Executive Summary
The Trump administration’s Middle East policy in its second term has shifted from a purely energy- and security-oriented framework toward one anchored in AI infrastructure and hyperscale data centers.
- At its core, Washington is leveraging massive Gulf investments in AI compute (Saudi Arabia, UAE) to reinforce alliances, counter China, and bind energy flows to the digital economy .
- Flagship projects include the 5-gigawatt AI campus in Abu Dhabi (G42-led, with U.S. hyperscaler partners) and Saudi Arabia’s Humain initiative building multiple 100MW data centers stocked with NVIDIA and AMD chips .
- Policy adjustments—such as loosening export restrictions on GPUs and decoupling Saudi civil nuclear cooperation from Israel normalization—demonstrate a more transactional, “deal-first” approach .
1. Current Developments
- UAE (Abu Dhabi – G42): Announcement of a 10-square-mile AI campus, scaling to 5GW of compute power. U.S. hyperscalers are expected to operate the facilities, while G42 manages construction. Reports suggest annual imports of up to 500,000 top-tier NVIDIA GPUs .
- Saudi Arabia (Humain): Launch of a national AI infrastructure company. Initial campuses in Riyadh and Dammam (each up to 100MW), powered by NVIDIA Blackwell and AMD accelerators, with 18,000 units already allocated .
- U.S.–Saudi Economic Framework: The White House announced a $600B investment package, including $20B from DataVolt into U.S. AI and energy infrastructure .
- Regulatory Shift: Trump rescinded earlier AI diffusion export rules, easing GPU supply to the Gulf, though conditioned on U.S. monitoring and compliance mechanisms .

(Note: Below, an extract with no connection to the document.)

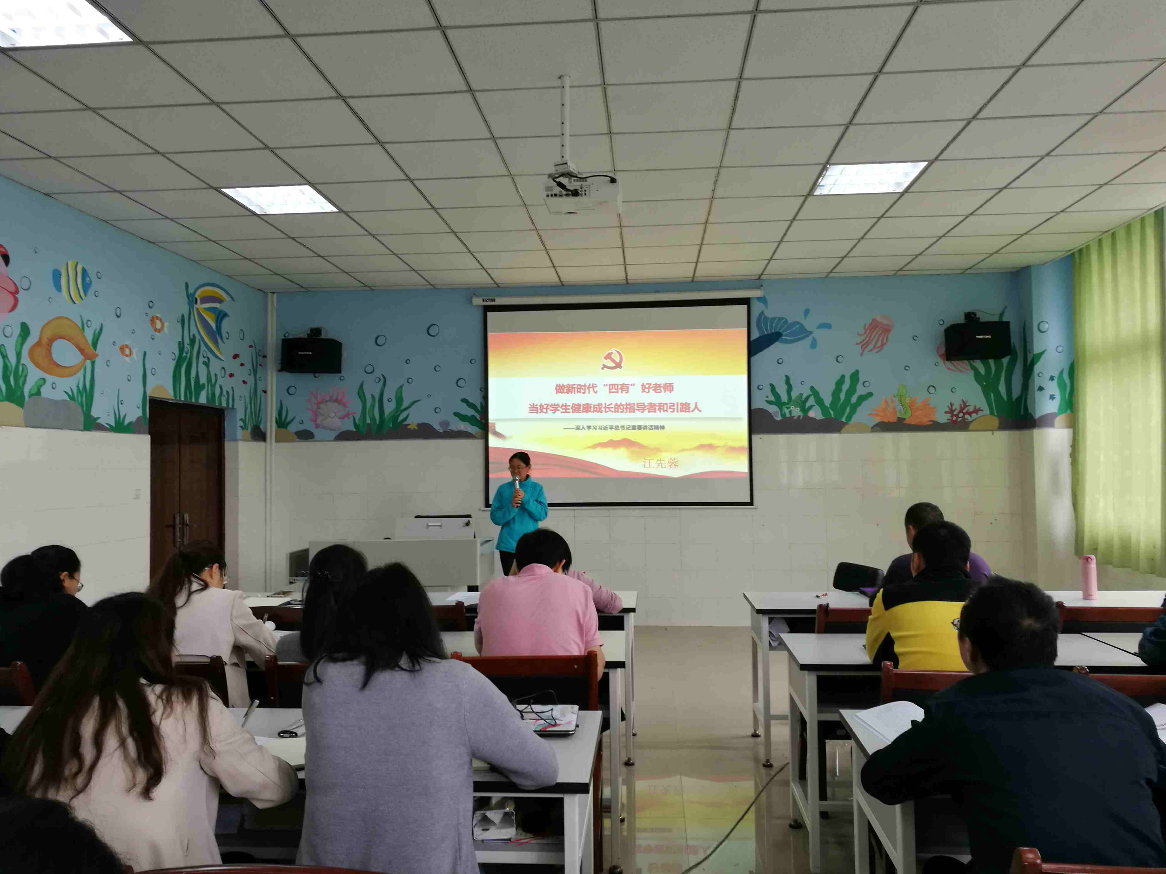 江先蓉书记从“什么是四有好老师”、“为什么要做四有好老师”、“做四有好老师的主要制约因素”、“当好学生健康成长的引路人”四个方面对习近平总书记的重要讲话精神进行了辅导解读。

- Nuclear/Energy Diplomacy: The administration is advancing Saudi civilian nuclear cooperation independently of Israeli normalization, breaking with past linkage strategies .
2. Strategic Logic
A. Objectives
- Counter China in Tech: Position Gulf AI campuses as hubs for U.S. chip and cloud ecosystems, setting de facto standards .
- Alliance Binding: Package defense, nuclear cooperation, and digital infrastructure to deepen economic and security interdependence .
- Energy–AI Nexus: Link the Gulf’s cheap energy and transmission assets to AI’s soaring electricity demand .
B. Means
- Mega-projects (UAE 5GW, Saudi 100MW-class DCs) as tangible anchors.
- Export regime redesign, enabling GPU supply under U.S. oversight .
- Capital bundling, channeling Saudi outbound investment into U.S. infrastructure and job creation .
C. Expected Outcomes
- Short-term: Gulf states emerge as “third-pole compute hubs,” stocked with U.S. GPUs and cloud services.
- Medium-term: Secondary industries in cooling, grid storage, and semiconductors scale around these hubs.
- Long-term: Tech-energy-security trilateral order stabilizes, potentially expanding Abraham Accords participation .
3. Risk Factors
- Deal Finalization Gaps: UAE’s 5GW campus is announced but not fully secured; U.S. agencies scrutinize China’s lingering tech links .
- Supply Constraints: Physical limits on GPU production, electricity, and water for cooling threaten scalability .
- Regulatory Backlash: U.S. Congress or security agencies may re-tighten export reviews, slowing project execution .
4. Scenario Outlook
- Best Case: First gigawatt of UAE campus online, Saudi Humain operational by 2026, cementing a U.S.–Gulf compute corridor.
- Base Case: Projects proceed gradually with enhanced audit clauses; execution slower but steady.
- Worst Case: Export or security reviews stall GPU flows; power and cooling constraints shrink ambitions, pushing Gulf states toward Chinese or European alternatives.
5. Strategic Implications
- “Geopolitics of Compute” emerges as central: chips, cloud, and compliance define alliances more than oil alone.
- Gulf States pivot from energy exporters to AI states, using their capital and electricity as leverage.
- Execution risk lies in finalizing contracts and building reliable infrastructure. Governance and monitoring will determine whether these megadeals truly anchor U.S. strategy.